In Fig 3(a), in the vicinity of the zero point and the end of the walk (the position of the artificial DNA sequence), the TP walk moves randomly with indefinite direction of movement, however, in the middle part (the position of inserted Sphingomonas gene), the TP walk gradually moves to the right. Meanwhile, in Fig 3(b), it is obvious that roughly from 2000 to 7000, with the growth of the t value, the real part is gradually increasing, while the artificial DNA sequence part has a smaller change in the real part value. Similar observations have been obtained after applying the SASR method to other known coding regions and non-coding regions. The reliability and validity of the SASR method have been verified through the above experiments. It can be seen that there is a large difference between the coding and non-coding regions in the graphic output of TP Walk. Therefore, after applying the SASR method to the base sequence being measured, by observing the change of the TP Walk’s real part and referring to the trend of TP walking in the complex plane, the coding and non-coding areas can be distinguished without any training process.
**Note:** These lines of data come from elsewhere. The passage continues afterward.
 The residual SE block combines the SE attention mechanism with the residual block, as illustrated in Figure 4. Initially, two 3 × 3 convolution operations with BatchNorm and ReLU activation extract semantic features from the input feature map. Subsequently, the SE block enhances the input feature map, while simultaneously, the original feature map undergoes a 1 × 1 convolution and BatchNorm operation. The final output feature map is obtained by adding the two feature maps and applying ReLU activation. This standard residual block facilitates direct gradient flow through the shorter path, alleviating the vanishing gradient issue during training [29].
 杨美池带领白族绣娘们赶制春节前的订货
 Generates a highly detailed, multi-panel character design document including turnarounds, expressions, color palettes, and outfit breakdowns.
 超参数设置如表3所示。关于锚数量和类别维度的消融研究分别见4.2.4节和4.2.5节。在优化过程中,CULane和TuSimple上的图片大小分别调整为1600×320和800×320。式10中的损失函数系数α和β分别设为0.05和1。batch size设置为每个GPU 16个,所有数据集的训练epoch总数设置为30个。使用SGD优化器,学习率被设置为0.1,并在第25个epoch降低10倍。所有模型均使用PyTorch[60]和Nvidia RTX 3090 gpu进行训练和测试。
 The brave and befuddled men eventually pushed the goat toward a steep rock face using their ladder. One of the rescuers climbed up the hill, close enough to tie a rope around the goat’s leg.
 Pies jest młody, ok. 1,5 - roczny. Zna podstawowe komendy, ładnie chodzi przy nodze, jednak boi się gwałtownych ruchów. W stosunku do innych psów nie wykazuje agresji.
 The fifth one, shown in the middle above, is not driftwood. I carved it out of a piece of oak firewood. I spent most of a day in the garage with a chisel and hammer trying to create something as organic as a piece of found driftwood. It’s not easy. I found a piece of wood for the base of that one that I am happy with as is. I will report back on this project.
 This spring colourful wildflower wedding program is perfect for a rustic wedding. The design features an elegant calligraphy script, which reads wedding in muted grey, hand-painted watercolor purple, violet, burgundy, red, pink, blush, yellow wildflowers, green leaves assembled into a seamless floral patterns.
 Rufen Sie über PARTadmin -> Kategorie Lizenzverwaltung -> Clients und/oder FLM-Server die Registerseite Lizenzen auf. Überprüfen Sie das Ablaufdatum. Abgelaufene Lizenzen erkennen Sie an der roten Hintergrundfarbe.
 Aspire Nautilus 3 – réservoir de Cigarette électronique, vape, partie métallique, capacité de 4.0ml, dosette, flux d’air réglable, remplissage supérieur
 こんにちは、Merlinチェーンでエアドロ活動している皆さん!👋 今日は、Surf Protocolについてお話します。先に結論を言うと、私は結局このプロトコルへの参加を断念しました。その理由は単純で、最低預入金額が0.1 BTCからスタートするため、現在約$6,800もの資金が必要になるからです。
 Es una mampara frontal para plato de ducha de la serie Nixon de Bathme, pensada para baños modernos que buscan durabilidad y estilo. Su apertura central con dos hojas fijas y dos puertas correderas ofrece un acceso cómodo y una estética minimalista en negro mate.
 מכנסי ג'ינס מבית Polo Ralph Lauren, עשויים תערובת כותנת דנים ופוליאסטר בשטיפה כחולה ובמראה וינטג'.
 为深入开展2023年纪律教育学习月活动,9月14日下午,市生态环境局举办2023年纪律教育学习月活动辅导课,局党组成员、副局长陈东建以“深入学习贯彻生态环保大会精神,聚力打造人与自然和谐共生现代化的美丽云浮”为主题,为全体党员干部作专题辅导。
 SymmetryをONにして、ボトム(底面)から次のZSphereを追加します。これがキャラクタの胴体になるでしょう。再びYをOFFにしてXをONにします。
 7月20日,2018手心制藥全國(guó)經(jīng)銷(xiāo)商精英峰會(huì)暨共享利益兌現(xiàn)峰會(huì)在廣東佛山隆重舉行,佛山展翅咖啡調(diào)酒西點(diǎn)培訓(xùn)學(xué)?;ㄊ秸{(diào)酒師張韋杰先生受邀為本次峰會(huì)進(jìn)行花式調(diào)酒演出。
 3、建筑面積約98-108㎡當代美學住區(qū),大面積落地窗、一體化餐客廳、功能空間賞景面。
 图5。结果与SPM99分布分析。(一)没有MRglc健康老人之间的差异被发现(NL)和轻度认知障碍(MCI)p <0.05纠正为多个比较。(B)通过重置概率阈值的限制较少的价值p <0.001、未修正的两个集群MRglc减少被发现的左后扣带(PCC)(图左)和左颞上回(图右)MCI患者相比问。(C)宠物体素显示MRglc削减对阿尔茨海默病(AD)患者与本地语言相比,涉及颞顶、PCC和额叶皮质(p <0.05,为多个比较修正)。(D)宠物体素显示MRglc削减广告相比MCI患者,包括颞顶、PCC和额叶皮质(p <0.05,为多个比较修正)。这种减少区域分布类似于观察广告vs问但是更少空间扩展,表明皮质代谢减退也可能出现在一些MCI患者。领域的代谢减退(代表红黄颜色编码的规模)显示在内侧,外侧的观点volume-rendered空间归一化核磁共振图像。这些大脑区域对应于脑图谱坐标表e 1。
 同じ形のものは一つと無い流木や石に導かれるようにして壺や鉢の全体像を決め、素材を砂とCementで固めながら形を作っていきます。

Predicting the protein-coding regions of the Sphingomonas sp. WG’s whole genome data

The SASR method is applied to the 31 scaffolds of the Sphingomonas sp. WG’s whole-genome data respectively to predict probable coding regions. Here, taking the processing of No. 21 scaffold as an example to illustrate the prediction processing of the possible coding regions. First, the SASR method is applied to No. 21 scaffold (the sequence length is 43986), and the visualization of the TP properties is obtained (Fig 4).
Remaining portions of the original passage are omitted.